Başka kimseye anlatmaktan çekindiğim şeyleri – ailemin boşanması hakkında – ifade etmem için bana bir çıkış noktası verdi. daha sonra, vücudum, erkekler ve ergen bir kızın bu garip zamanlarda uzlaşmaya çalıştığı diğer her şey yıllar.
Günlük tutmak ayrıca bir yazar olarak kendime olan güvenimin artmasına da yardımcı oldu. Nereye gitsem günlüğüm de benimle birlikte gitti. Yıllar içinde, not defterlerimi düşüncelerimle doldurdum. Ve yıllar geçtikçe, güçlü bir sesin çıktığını fark etmeye başladım. nişimi bulmuştum.
Bugün, dijital yazı, insanların bilinç akışı tarzı düşünceleri için bir forum olarak günlük tutmanın yerini aldı. Blog yazmaya kusura bakmayın (ben de bir blog yazarıyım), ancak günlük tutmanın modası geçmiş olmasına izin verilmemeli.
Daha:Çocuklar için en iyi eğitici web siteleri aslında öğrenmeyi eğlenceli hale getiriyor
Bugün el yazısı konusunda yetkin olmayan öğrenci nüfusunun yüzdesinin yüzde 25 ila 33'e kadar çıkabileceğini öğrenmek beni üzdü. Hanover Araştırmaları “21. Yüzyılda El Yazısı Öğretiminin Önemi.”

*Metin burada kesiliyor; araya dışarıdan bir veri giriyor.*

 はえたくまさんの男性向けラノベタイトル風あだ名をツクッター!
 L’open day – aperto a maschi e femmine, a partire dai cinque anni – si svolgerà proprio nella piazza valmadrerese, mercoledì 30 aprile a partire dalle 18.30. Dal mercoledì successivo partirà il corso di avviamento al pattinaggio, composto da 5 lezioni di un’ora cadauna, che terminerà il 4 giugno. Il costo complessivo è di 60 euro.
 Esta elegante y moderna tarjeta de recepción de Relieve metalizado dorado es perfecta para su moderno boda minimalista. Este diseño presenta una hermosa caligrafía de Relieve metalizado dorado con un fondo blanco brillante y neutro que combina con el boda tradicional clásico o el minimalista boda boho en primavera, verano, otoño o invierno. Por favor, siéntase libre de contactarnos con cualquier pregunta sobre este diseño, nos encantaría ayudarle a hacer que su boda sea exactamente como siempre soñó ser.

Günlük tutmak ne zaman kayıp bir sanat oldu?
Benim gibi sadece evde sorunlarla mücadele eden öğrenciler için günlük tutmayı savunmuyorum. Ayrıca dergi yazan herkesin benim gibi yazmayı bir kariyere dönüştüreceğini düşünecek kadar saf değilim. Yine de düşündüğüm şey, her öğrencinin etkili bir şekilde günlük tutmayı öğrenmekten kazanacağı bir şey olduğu.

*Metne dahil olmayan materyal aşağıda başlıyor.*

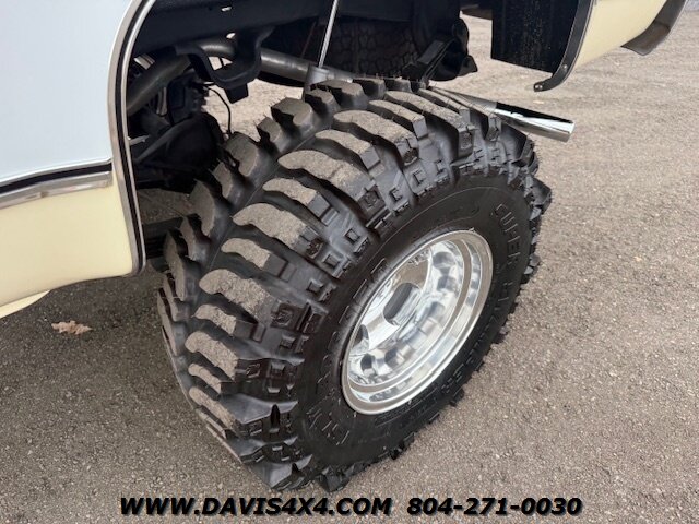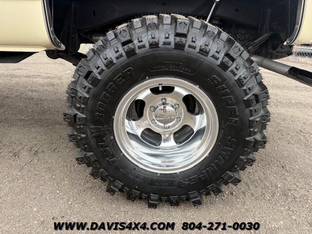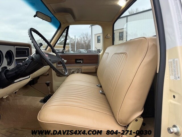 . This truck offers a clean, classic look paired with modern performance, thanks to its 6.0L LS fuel-injected engine upgrade. It rides on a 6-inch suspension lift with new 35 boggers on Mickey thompson offset 16x12 canyon wheels or optional (fresh 35-inch BFGoodrich All-Terrain tires mounted on GM 4x4 rally wheels) (alternate tire and wheel options other then these are available). The interior is extremely clean and tastefully finished in light brown and tan with woodgrain door panels, a perfect-condition dash, retro-style stereo, and a vintage air conditioning system. Additional highlights include full stainless Racetrak trim, spray-in bedliner, dual fuel tanks, front bumper bumperettes, clean glass, properly functioning interior components, and even the original spare mounted underneath with dual exhaust. Be sure to watch the full walkaround video of this impressive Squarebody on the Davis Drives YouTube channel — this one truly captures the timeless classic look with the best of modern upgrades.
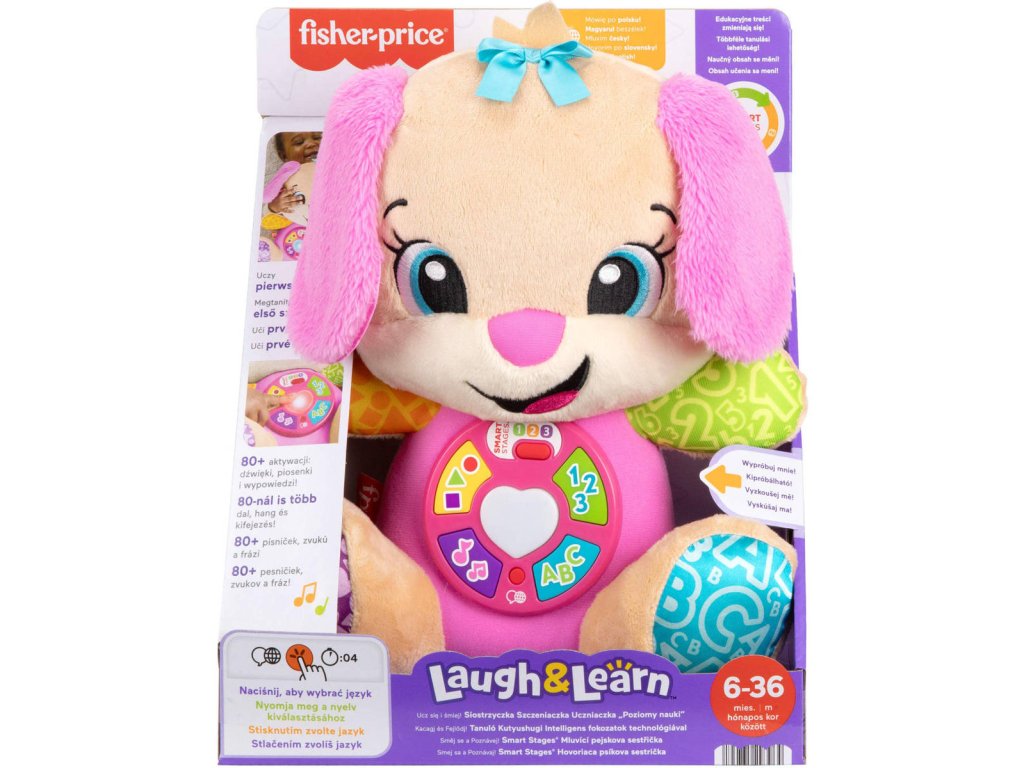 Mluvící pejskova sestřička Smart Stages z řady Fisher-Price Směj se a Poznávej! je příjemná plyšová hudební hračka, která seznamuje dítě s abecedou, tvary, prvními slovy a dalšími prvky! Děti mohou stisknout 5 tlačítek na bříšku a sledovat, jak se její srdíčko rozsvěcuje barvami, zatímco hraje více než 80 písniček, zvuků a frází. Díky více než 12 originálním písničkám a 3 úrovním učení Smart Stages, které rostou spolu s dítětem od kojence až po batole, se Mluvící pejskova sestřička stane nejlepší kamarádkou vašeho děťátka. Vyžaduje 3 baterie AA, které jsou součástí balení. Pomocí tlačítka zeměkoule můžete vybrat jazyk: polština, maďarština, čeština, slovenština nebo angličtina. Barvy a vzhled výrobku se mohou lišit.
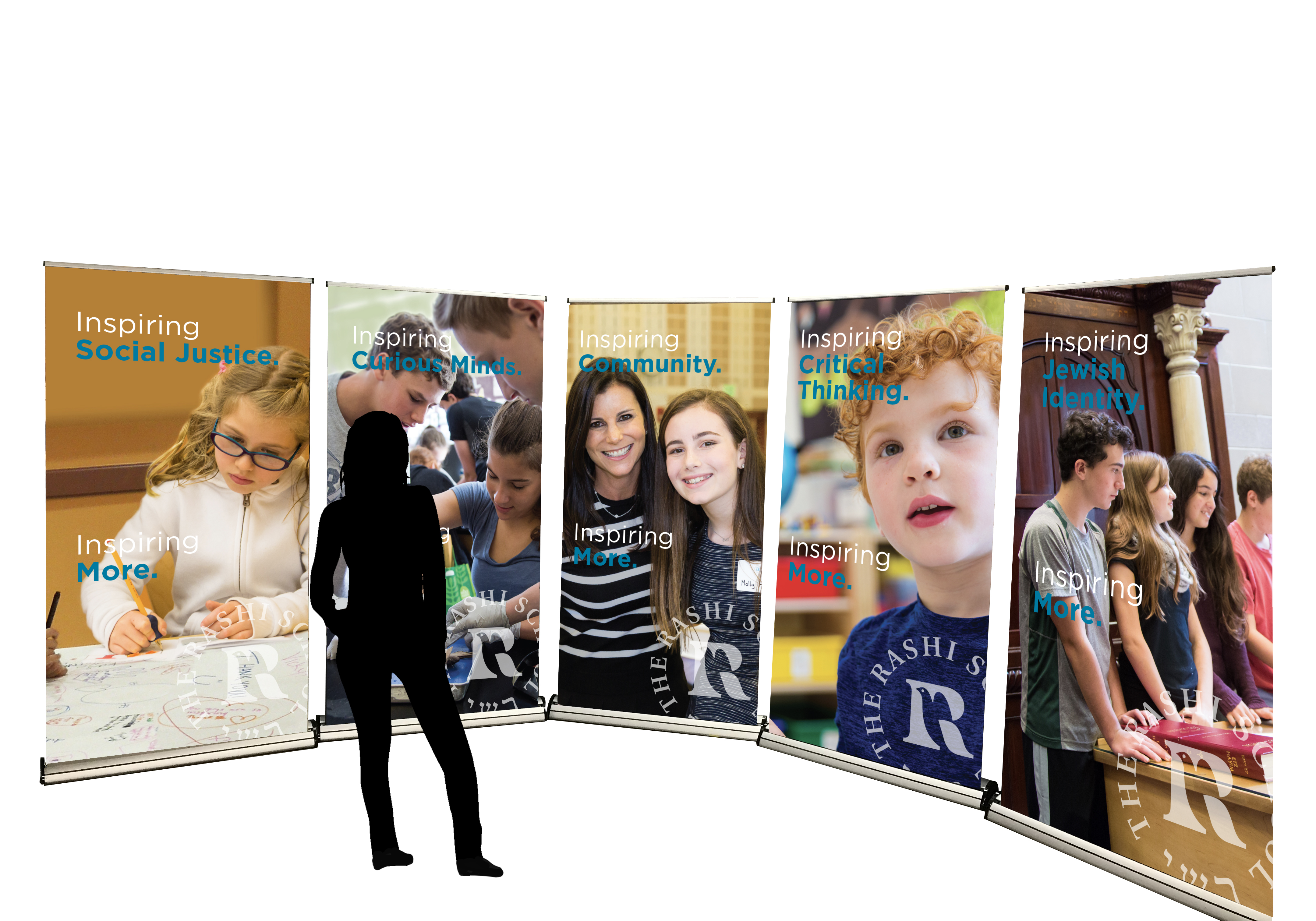 Large format can be powerful and they help support complex campaigns achieve a stronger effect on people. These posters for The Rashi School (40x74) were displayed during their annual dinner.

Bireyselliği teşvik eder. Kendine güvenin oluşmasına yardımcı olur. Hafızayı hatırlamayı ve el-göz koordinasyonunu geliştirir. Zihinsel dikkatten uzamsal algıya kadar her şeyle ilgilenir. Çocuklar için kritik öğrenme araçları söz konusu olduğunda, çok azı günlük tutmaktan daha kolay erişilebilir ve uygulanması daha kolaydır.
Dijital yazı için bir kenara bırakırsak, kendimize ve gelecek nesillere büyük bir kötülük yapmış oluruz.
Ama sadece arkanıza yaslanıp almak zorunda değilsiniz. BIC'nin Fight for Your Write Mission gibi el yazısının önemi konusunda farkındalık yaratmaya odaklanan tonlarca grup var.
Zihinsel faydaların ötesinde (daha iyi okul performansını düşünün), günlük tutmak çocuklara gerçekten ne hissettiklerini ifade etmeleri için bir yol sunar. Birisi ne kadar kendinden emin görünürse görünsün, hepimizin bir blogda gün ışığına çıkarmaya dayanamayacağımız yüzeyin hemen altında saklanan güvensizliklerimiz var.
Günlük, güvenilir bir arkadaş gibidir. Bir sırdaş. Yargılanma korkusu olmadan tamamen kendimiz olmamıza ve kendimizi açmamıza izin vermesi açısından dönüştürücüdür ve yine de güvenilirliği değişmezdir.
Çocukların okulda daha iyi notlar almasına da yardımcı olduğu gerçeği mi? Peki, bu ekstra krediyi düşünün.
Daha:Öğretmen grafiti okul mülkü ve onun için tamamen tezahürat yapıyoruz
Bu gönderi, BIC'nin Fight for Your Write Mission tarafından desteklenmiştir.